Oracle VM VirtualBox
Owned and maintained by Oracle, VirtualBox is free and is capable of running numerous guest virtual machines. VirtualBox is a great option for individual users/developers and even small businesses who need to work with virtual machines within a LAN. VirtualBox provides support for guests with up to 32 vCPUs and includes PXE Network boot, snapshotting, virtual networks, and cloning.
VMware Workstation Pro
VMware also offers a Type 2 Hypervisor, called VMware Workstation Pro. This solution is packed with advanced features and even integrates seamlessly with VMware vSphere, so you can move your virtualized solutions from the desktop to the cloud.

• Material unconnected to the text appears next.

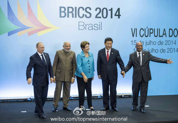 ???? 新華網(wǎng)北京7月16日電 據(jù)新華社“新國(guó)際”微博報(bào)道,習(xí)近平在出席金磚國(guó)家領(lǐng)導(dǎo)人第六次會(huì)晤時(shí)提出,要發(fā)揚(yáng)金磚國(guó)家獨(dú)特的“開放、包容、合作、共贏”的合作伙伴精神,要堅(jiān)定不移推動(dòng)經(jīng)濟(jì)可持續(xù)增長(zhǎng),堅(jiān)定不移形成全方位經(jīng)濟(jì)合作,堅(jiān)定不移塑造有利外部發(fā)展環(huán)境,堅(jiān)定不移提高道義感召力。

If you’re looking to either use virtual machine technology as a development environment or a way to run more than one operating system at a time on macOS, Parallels Desktop might be the perfect solution. Parallels has been optimized for Apple’s M1 chip, so it’ll run on the latest hardware. Parallels makes for an absolutely seamless way of working between 2 different operating systems on the macOS platform. You can create either Windows or Linux guests on Parallels.
Which route you go will depend on your needs. If performance is the top priority, you’ll want to look at a Type 1 Hypervisor such as VMware vSphere or KVM. If ease of use is what you’re looking for, a Type 2 Hypervisor such as VMware Workstation Pro or Oracle VM VirtualBox might be your best option. Just remember to make this choice wisely, otherwise, you’ll lose valuable time and money.